なら良かった、と空閑くんが笑う。その笑顔を見ると空閑くんが死ななくて良かったと心の底から安堵してしまう。地面に転がされた空閑くんを目にした時はこっちの心臓が止まるかと思ったほど動揺したのだから。いやでも…

「空閑くんこそ大丈夫なの?車に撥ねられたのに…」
「全然へーき」
「……空閑くん、普段から換装体でいるの?」

空閑くんが助かったのは換装体だったからだろう。換装体であれば破損はしても元の体にダメージはないのだから。だけどそれじゃあ腑に落ちないことがある。換装体は破損したらそれで終わり。基本的には使い捨ての体のようなもので修復機能がついているものなんて見たことがない。だけど空閑くんの損傷は瞬く間に治ってしまった。…もしかして、黒トリガーの能力?

「うん。おれのほんとの体はこっちに入ってるよ」
「こっちって…それ、黒トリガーだよね?」
「うむ。親父が死にかけのおれの体をトリガーの中に入れたんだ。で、普段はほんとの体の代わりにトリオン体で動いてる」
「……ちょ、ちょっと待って」

じょ、情報量が多い。もう何から突っ込んで良いかも分からない私は一度目を瞑って大きく息を吸って吐いた。空閑くんは今、多分凄く大切なことを話してくれてる。私は何を一番聞きたい?何を拾い上げたい?
……いや、何よりも気になった言葉がある。少し落ち着きを取り戻した私は目を開けて空閑くんの目を真っ直ぐと見据えた。

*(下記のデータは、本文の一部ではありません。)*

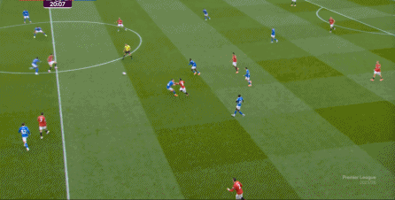 从开局角度的表现来看,这可能又要变成一场曼联打得可能很艰难的比赛,但在第8分钟,几乎是曼联第一次打成型的阵地战进攻,曼联便取得了进球:
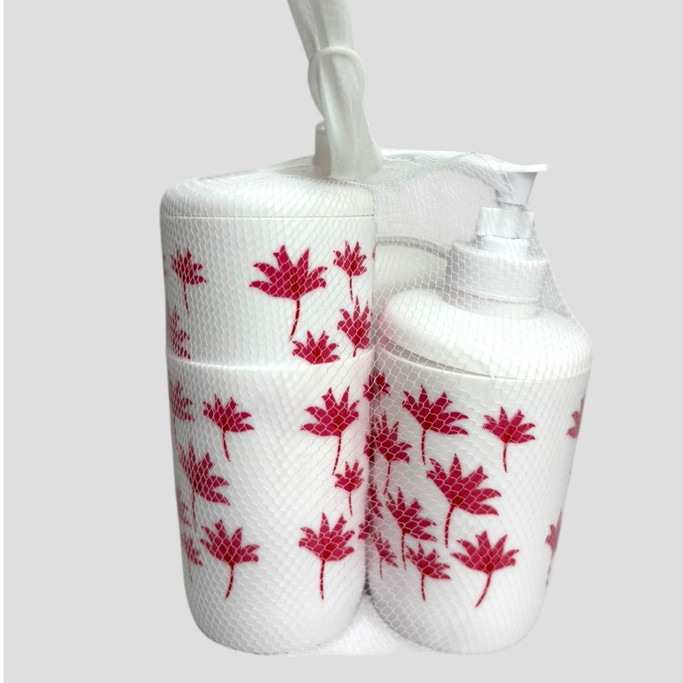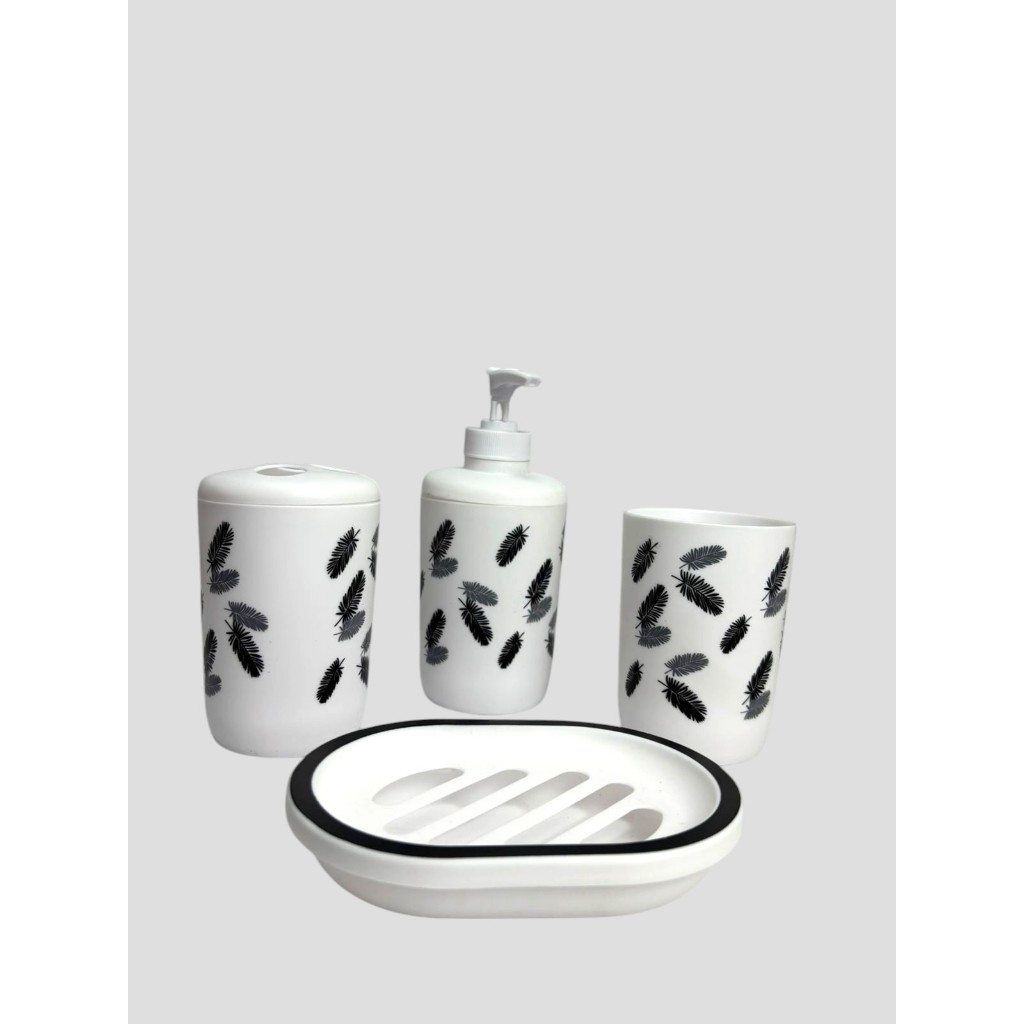 Conjunto de Acessórios de Banheiro Elegante - 4 Peças com Estampa de Folhas

「死にかけ…って、でも空閑くんは元気に生きてるよね…?」
「親父の黒トリガーのおかげでトリオンが供給されてるからな」
「じゃあ空閑くんはトリオン体でいる限りは死なないってこと?」
「いや、おれの体はこの指輪の中でずっと死に向かってるから元の体が完全に死んだ時におれも死ぬんだと思う」
「…………」


そんな

そんな 他人事 みたいに


「…だったら、探さなきゃ。空閑くんの元の体を治す方法を!」

だって空閑くんはまだ生きてる。こうしてトリオン体でも活動が出来ているということは指輪の中にいる元の体もまだ生きている証拠だ。それでも死に向かっているというのなら悠長なことは言っていられない。

「リン、おれは」
「空閑くん。思い出したくないことかもしれないけど、死にかけってどんな風に?どんな傷を負ったのか覚えてる?」
「…右腕と左足。それに左目と…腹の左側もごっそり持っていかれたな」
「……うーん…」

腕と足は義手と義足で補えるだろう。目は機能を取り戻すことは無理でも処置することは可能だ。だけどお腹の傷は…臓器がやられているのはまずい。…あれ、そういえば。遠征先でそんな惨状を目にして、あの時確か……いやその前にそんな大きなダメージ、処置する前にショック死する危険性だってある。…トリオンで傷を補えば或は…鬼怒田さんに相談してみるのもありかもしれない……

「リン」
「ん、なに?」
「おれは本当は死んでるはずだったんだ。だからあとはまあ、遺された時間を生きるつもりだよ」

私の葛藤を悟ってか空閑くんは優しい顔をしてそんなことを言う。おれのことは気にするなって。本気でそんな顔をして。

「あ、でも。流石にレプリカにはもう一度会いたいな」
「……はい?」
「? あれ、リン。なんか怒ってる?」

怒ってる、って?
いや、怒ってるとかそんなもんじゃないんですけど。

「空閑くん。私は諦めが悪いし一度やると決めたことはやらないと気が済まない性格なのは知ってるよね?」
「うむ。確かにリンは頑固なとこがあるよな」
「そうなの。だからね空閑くん。いくら本人が諦めてようと私は空閑くんの命を諦めないから!」

そう言って思い切り立ち上がる。遺された時間?今こうしてちゃんと生きてるのにどうしてその先を望まないの。空閑くんがこの先を諦めるって言うのなら私は意地でも諦めてあげない!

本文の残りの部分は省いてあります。